The Federal Government’s total borrowing from the Central Bank of Nigeria (CBN) through Ways and Means Advances rose from N17.46tn as of December 2021 to N19.01tn as of April 2022. According to data from the CBN, this represents an increase of N1.55tn within the first four months of 2022.
The N19.01tn owed to the apex bank by the Federal Government is not part of the country’s total public debt stock, which stood at N41.60tn as of March 2022, according to the Debt Management Office.
The public debt stock only includes the debts of the Federal Government of Nigeria, the 36 state governments, and the Federal Capital Territory.

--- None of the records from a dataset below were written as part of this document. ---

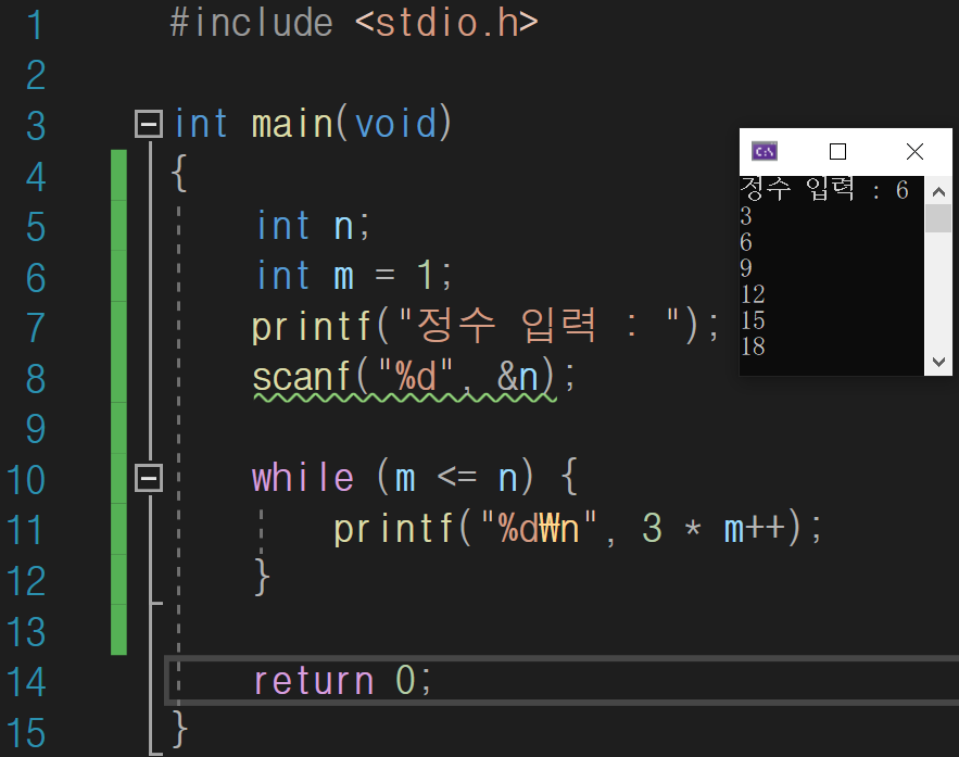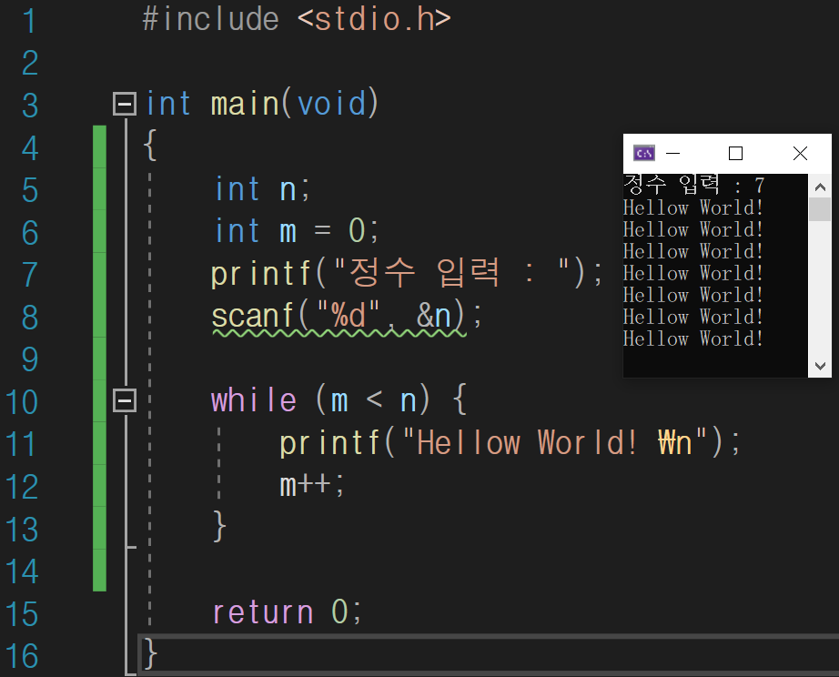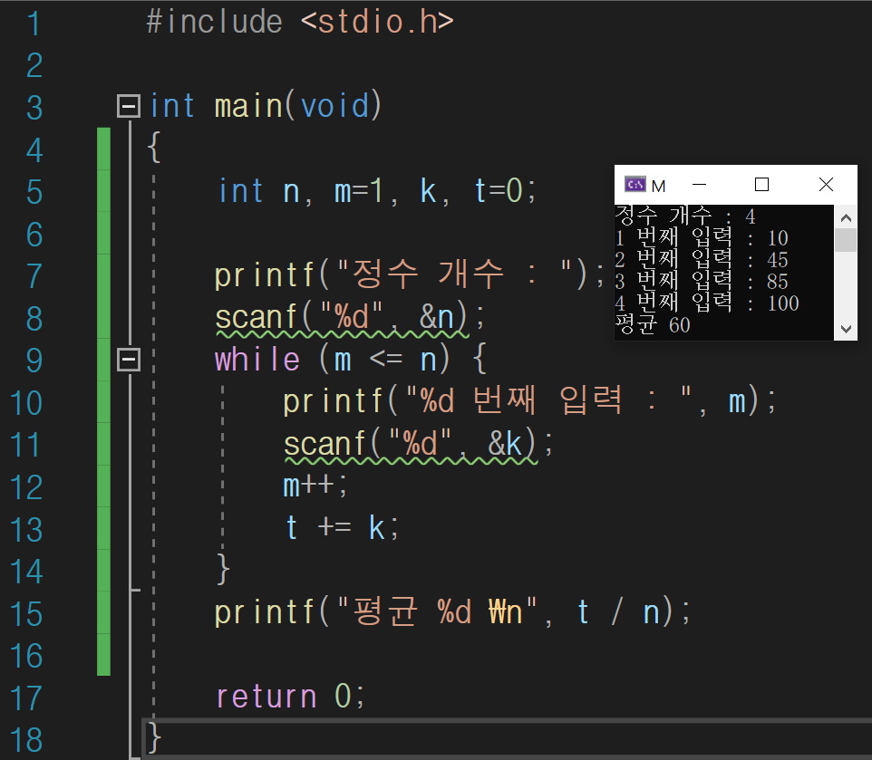 while (m <= n) { //아래 m++ 할 필요 없이 (m++ < n) 해도 됨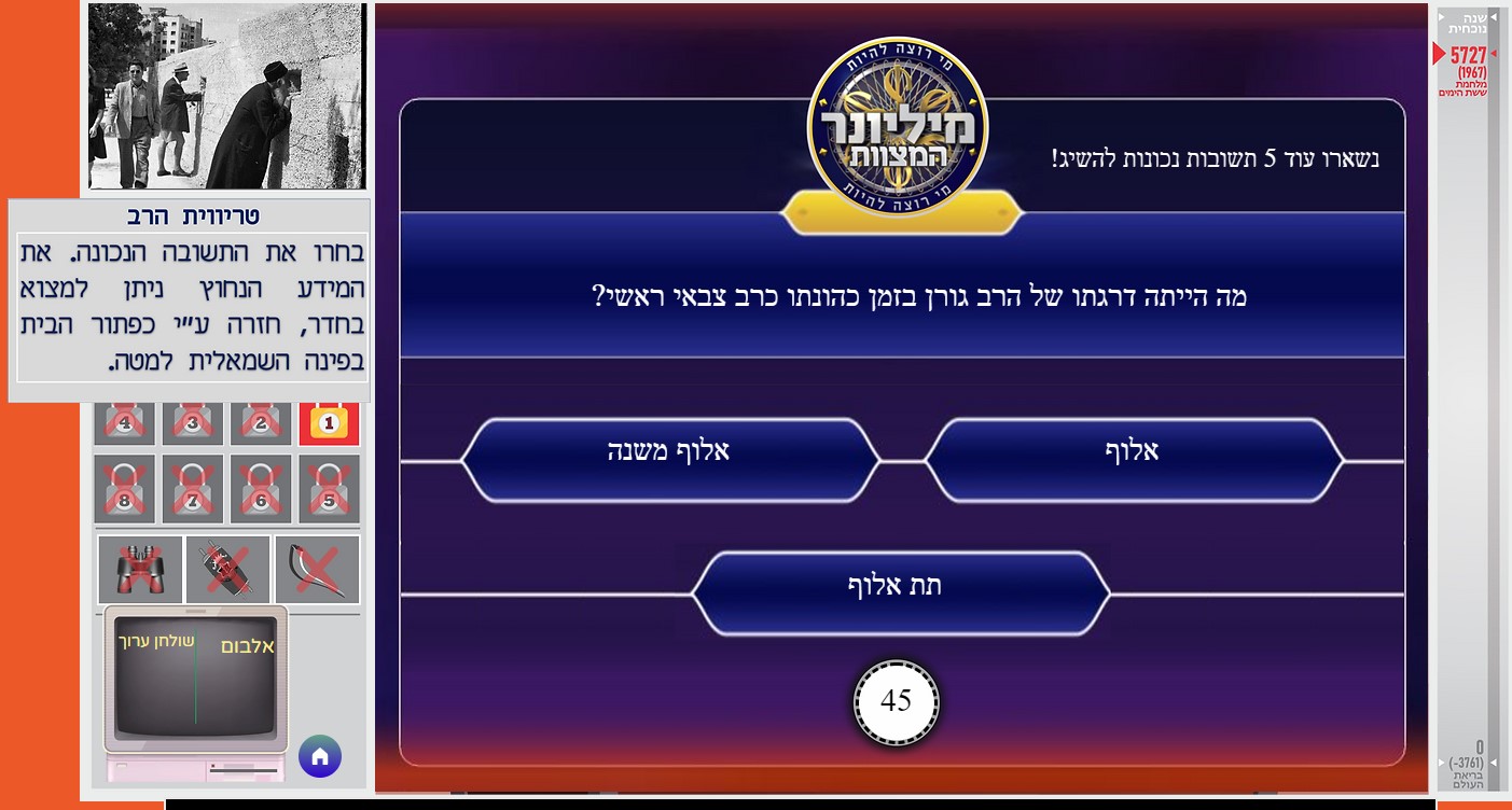 חוויה מאתגרת ומעשירה המנסה לתאר את המציאות כפי שהייתה בזמן שחרור ירושלים במלחמת ששת הימים.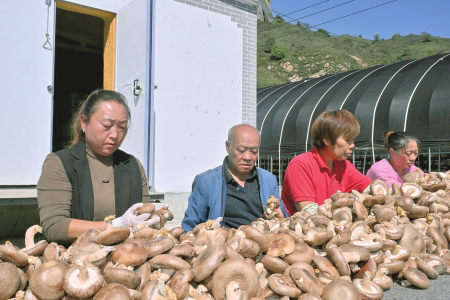 五臺縣石咀鎮(zhèn)后坪村香菇大棚給村民帶來好光景。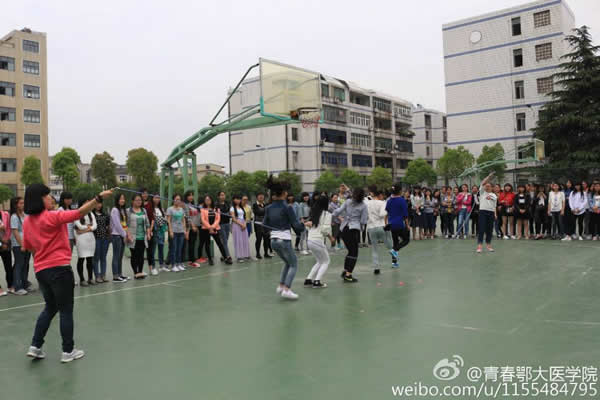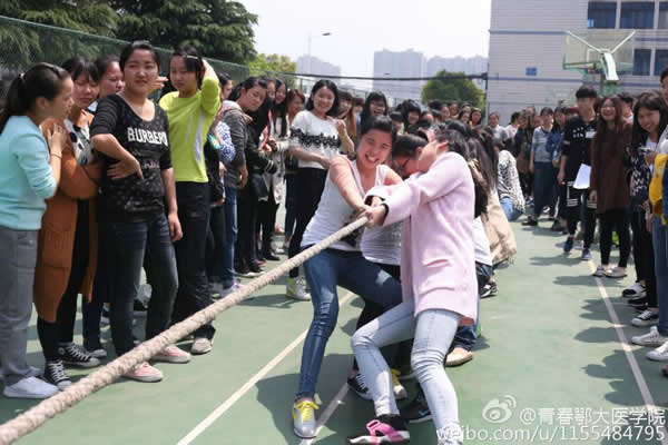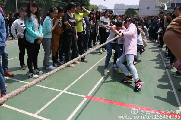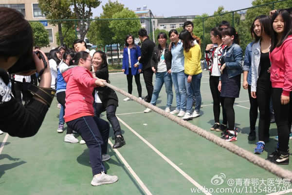 由体育部组织的拔河比赛以班级为单位随机抽签互相比拼。伴随着裁判员的一声长哨双方的队员们手中紧紧握住长绳、口中有节奏的高呼着“一、二”,卯足了劲往后拉,同专业的同学们在旁加油助威。双人背靠背的“爆气球”、五人一组的“跳大绳”、小组围圈的“踢毽子还有考验反应力的“抢板凳”游戏,让同学们个个精神抖擞地参入到游戏中。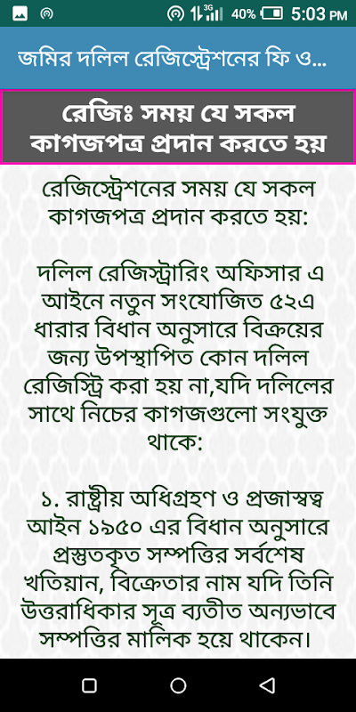 關於জমির দলিল রেজিস্ট্রেশনের ফি ও নিয়মাবলি
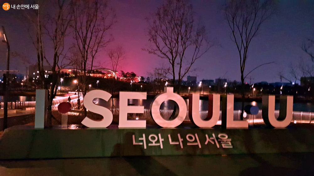 크리스마스 장식처럼 빛나는 조명과 아이서울유 조형물 ⓒ한형준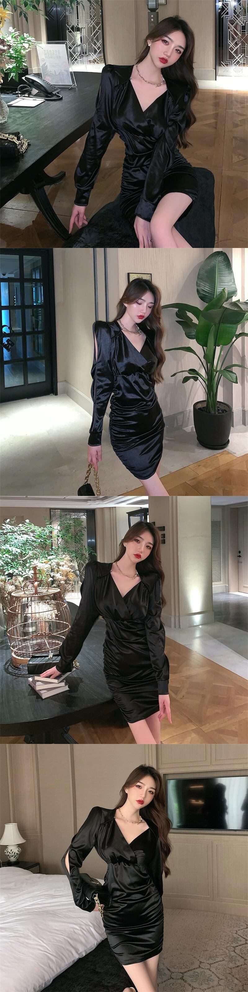 ストリーマーショートスカートナイトクラブレディース秋冬気質セクシーローカットディープVネックサテンと薄手のヒップドレス micat58926622201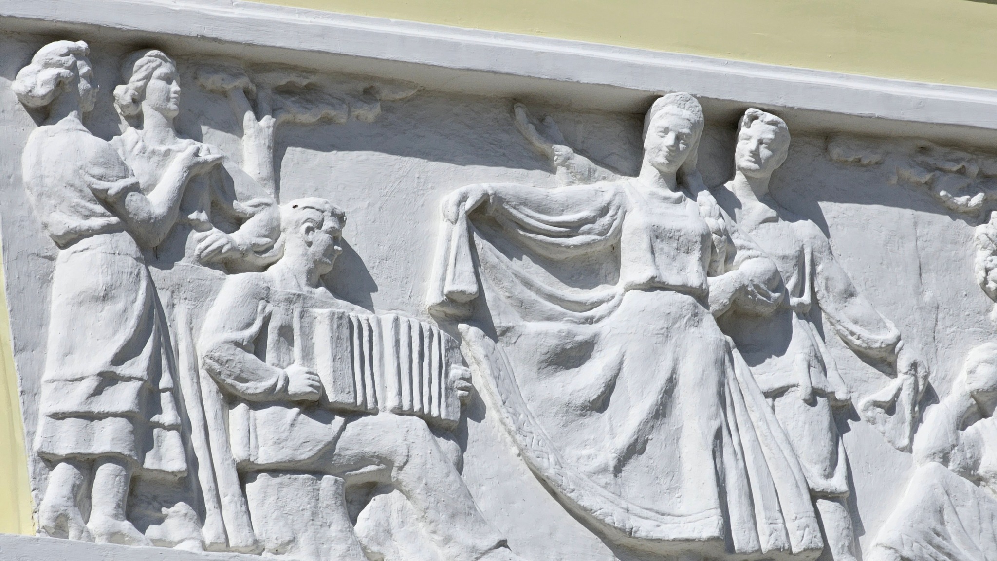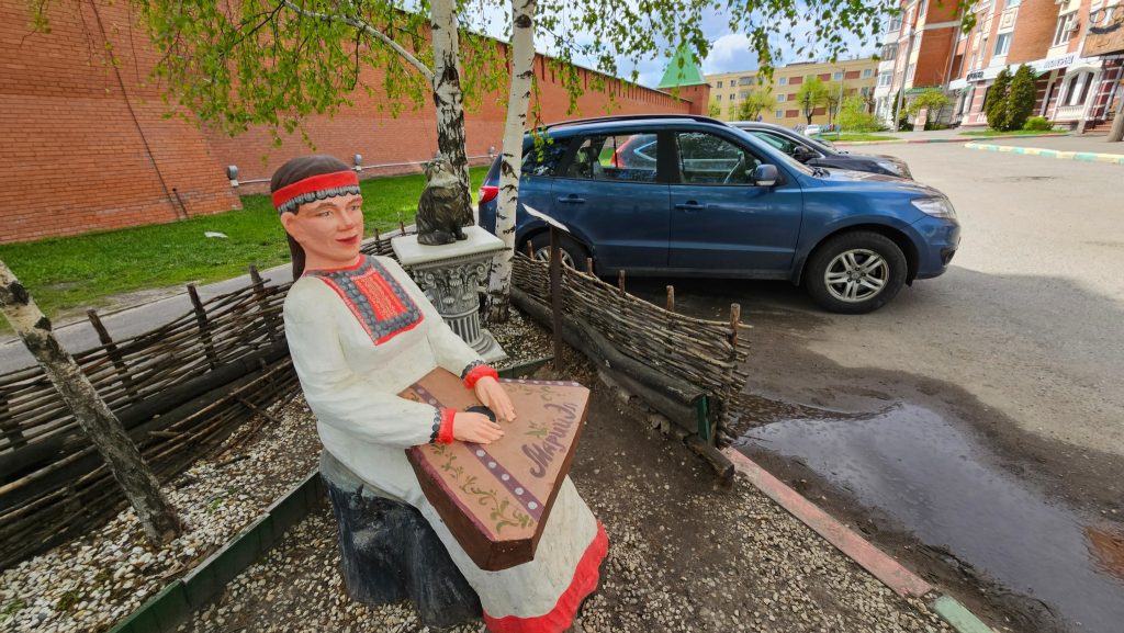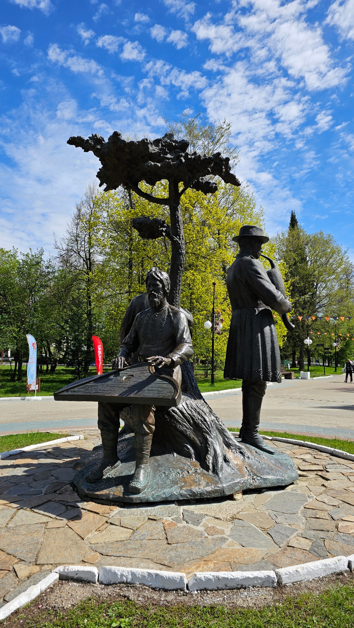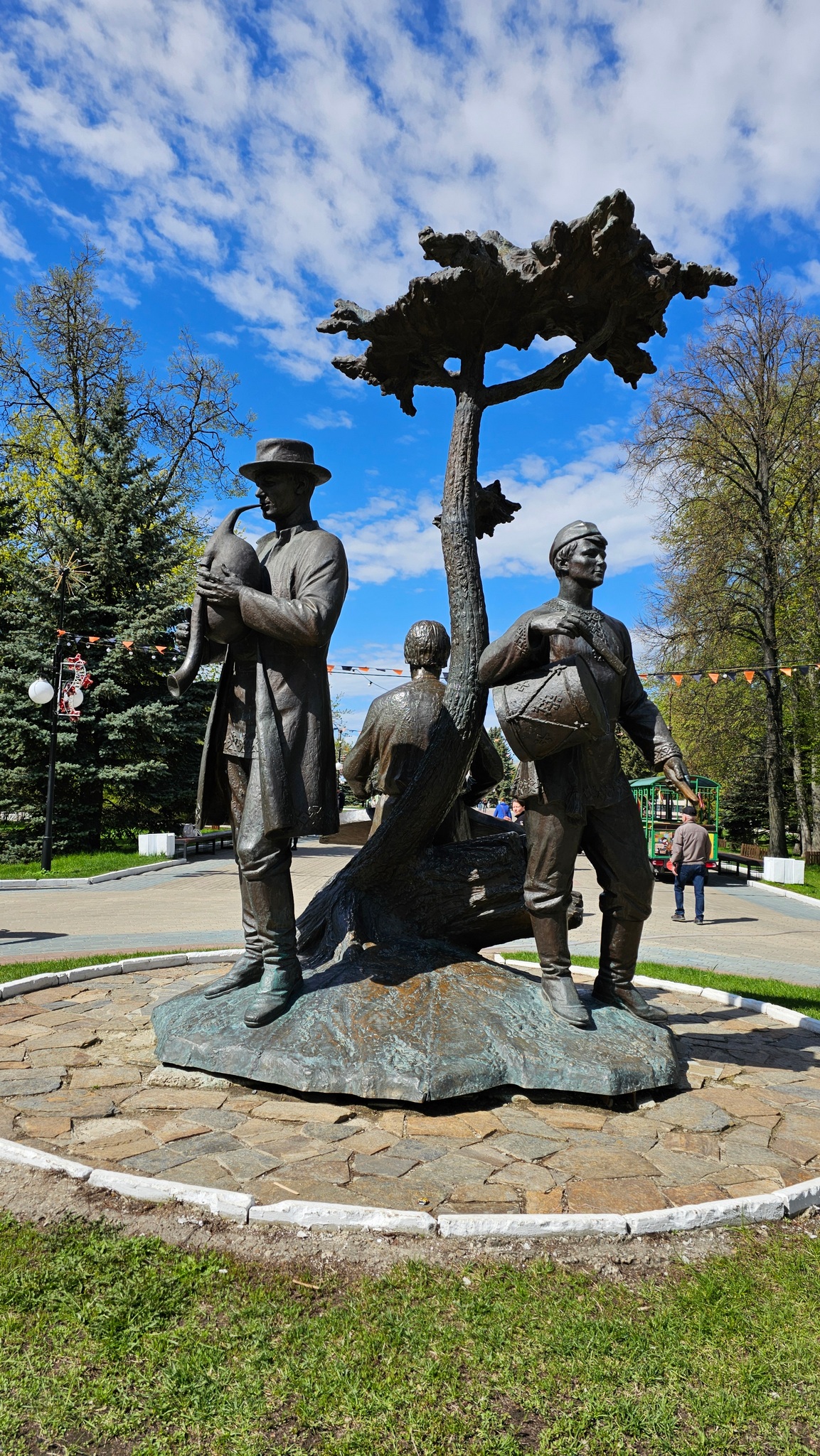 В его состав входят три фигуры людей с музыкальными инструментами в национальных костюмах: молодой человек с барабаном, мужчина постарше со свирелью и старец с марийскими гуслями.

Ways and Means Advances is a loan facility through which the CBN finances the government’s budget’s shortfalls.
According to Section 38 of the CBN Act, 2007, the apex bank may grant temporary advances to the Federal Government concerning the temporary deficiency of budget revenue at such rate of interest as the bank may determine.
The Act read in part, “The total amount of such advances outstanding shall not at any time exceed five per cent of the previous year’s actual revenue of the Federal Government.
“All advances shall be repaid as soon as possible and shall, in any event, be repayable by the end of the Federal Government financial year in which they are granted and if such advances remain unpaid at the end of the year, the power of the bank to grant such further advances in any subsequent year shall not be exercisable, unless the outstanding advances have been repaid.”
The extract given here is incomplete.